Here is how I manage to calculate the MEDIAN but I guess there must be a better way:

``````SELECT AVG(values_around_median) AS median
FROM (
SELECT
DISTINCT(CASE WHEN FIRST_VALUE(above) OVER w2 THEN MIN(value) OVER w3 ELSE MAX(value) OVER w2 END)
AS values_around_median
FROM (
SELECT LAST_VALUE(value) OVER w AS value,
SUM(COUNT(*)) OVER w > (SELECT count(*)/2 FROM x) AS above
FROM x
GROUP BY value
WINDOW w AS (ORDER BY value)
ORDER BY value
) AS find_if_values_are_above_or_below_median
WINDOW w2 AS (PARTITION BY above ORDER BY value DESC),
w3 AS (PARTITION BY above ORDER BY value ASC)
) AS find_values_around_median
``````

Any ideas?

## 7 个解决方案

### #1

14

Indeed there IS an easier way. In Postgres you can define your own aggregate functions. I posted functions to do median as well as mode and range to the PostgreSQL snippets library a while back.

http://wiki.postgresql.org/wiki/Aggregate_Median

http://wiki.postgresql.org/wiki/Aggregate_Median

### #2

21

Yes, with PostgreSQL 9.4, you can use the newly introduced inverse distribution function `PERCENTILE_CONT()`, an ordered-set aggregate function that is specified in the SQL standard as well.

``````WITH t(value) AS (
SELECT 1   UNION ALL
SELECT 2   UNION ALL
SELECT 100
)
SELECT
percentile_cont(0.5) WITHIN GROUP (ORDER BY value)
FROM
t;
``````

### #3

7

A simpler query for that:

``````WITH y AS (
SELECT value, row_number() OVER (ORDER BY value) AS rn
FROM   x
WHERE  value IS NOT NULL
)
, c AS (SELECT count(*) AS ct FROM y)
SELECT CASE WHEN c.ct%2 = 0 THEN
round((SELECT avg(value) FROM y WHERE y.rn IN (c.ct/2, c.ct/2+1)), 3)
ELSE
(SELECT     value  FROM y WHERE y.rn = (c.ct+1)/2)
END AS median
FROM   c;
``````

### Major points

• Ignores NULL values.
• 忽略NULL值。
• Core feature is the row_number() window function, which has been there since version 8.4
• 核心功能是row_number（）窗口函數，自8.4版本以來一直存在
• The final SELECT gets one row for uneven numbers and `avg()` of two rows for even numbers. Result is numeric, rounded to 3 decimal places.
• 最后的SELECT為不均勻的數字獲取一行，為偶數數字獲取兩行的avg（）。結果為數字，四舍五入到小數點后3位。

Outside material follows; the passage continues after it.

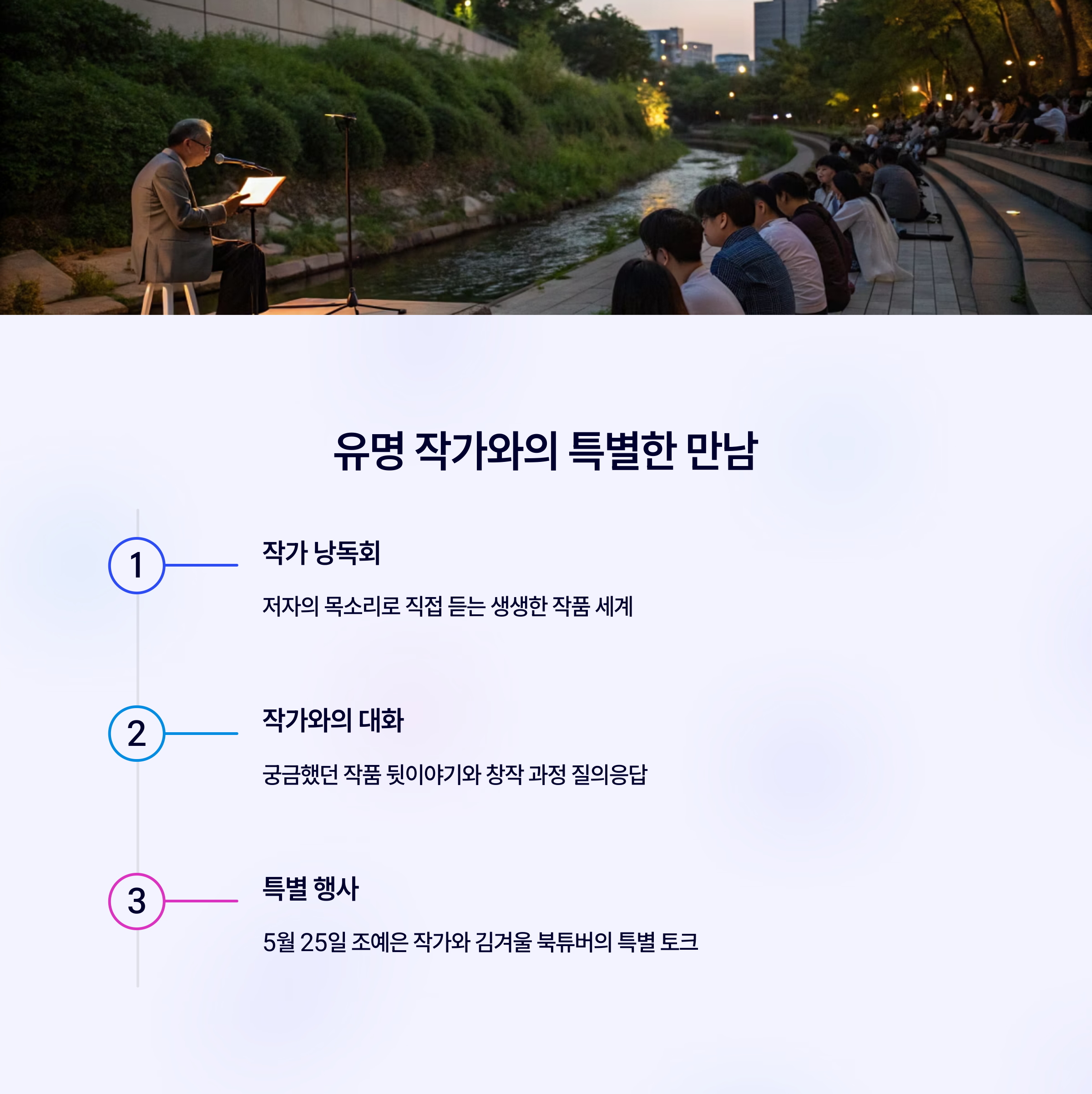 서울의 도심 속 자연 공간인 청계천이 책과 문화, 휴식이 어우러진 특별한 야외 도서관으로 변신합니다. 서울도서관이 운영하는 '책 읽는 맑은 냇가'는 서울야외도서관의 혁신적인 모델로서, 시민들에게 청계천의 물소리와 함께 편안하게 독서를 즐길 기회를 제공합니다. 2025년 봄부터 가을까지 진행되는 이 매력적인 행사에 대한 상세 정보를 종합하여 알려드립니다.

Test shows, that the new version is 4x faster than (and yields correct results, unlike) the query in the question:

``````CREATE TEMP TABLE x (value int);
INSERT INTO x SELECT generate_series(1,10000);
INSERT INTO x VALUES (NULL),(NULL),(NULL),(3);
``````

### #4

0

For googlers: there is also http://pgxn.org/dist/quantile Median can be calculated in one line after installation of this extension.

### #5

0

Simple sql with native postgres functions only:

``````select
case count(*)%2
when 1 then (array_agg(num order by num))[count(*)/2+1]
else ((array_agg(num order by num))[count(*)/2]::double precision + (array_agg(num order by num))[count(*)/2+1])/2
end as median
from unnest(array[5,17,83,27,28]) num;
``````

Sure you can add coalesce() or something if you want to handle nulls.

### #6

0

``````CREATE TABLE array_table (id integer, values integer[]) ;

INSERT INTO array_table VALUES ( 1,'{1,2,3}');
INSERT INTO array_table VALUES ( 2,'{4,5,6,7}');

select id, values, cardinality(values) as array_length,
(case when cardinality(values)%2=0 and cardinality(values)>1 then (values[(cardinality(values)/2)]+ values[((cardinality(values)/2)+1)])/2::float
else values[(cardinality(values)+1)/2]::float end) as median
from array_table
``````

Or you can create a function and use it any where in your further queries.

``````CREATE OR REPLACE FUNCTION median (a integer[])
RETURNS float AS    \$median\$
Declare
abc float;
BEGIN
SELECT (case when cardinality(a)%2=0 and cardinality(a)>1 then
(a[(cardinality(a)/2)] + a[((cardinality(a)/2)+1)])/2::float
else a[(cardinality(a)+1)/2]::float end) into abc;
RETURN abc;
END;
\$median\$
LANGUAGE plpgsql;

select id,values,median(values) from array_table
``````

### #7

0

Use the Below function for Finding nth percentile

``````CREATE or REPLACE FUNCTION nth_percentil(anyarray, int)
RETURNS
anyelement as
\$\$
SELECT \$1[\$2/100.0 * array_upper(\$1,1) + 1] ;
\$\$
LANGUAGE SQL IMMUTABLE STRICT;
``````

In Your case it's 50th Percentile.

Use the Below Query to get the Median

``````SELECT nth_percentil(ARRAY (SELECT Field_name FROM table_name ORDER BY 1),50)
``````

This will give you 50th percentile which is the median basically.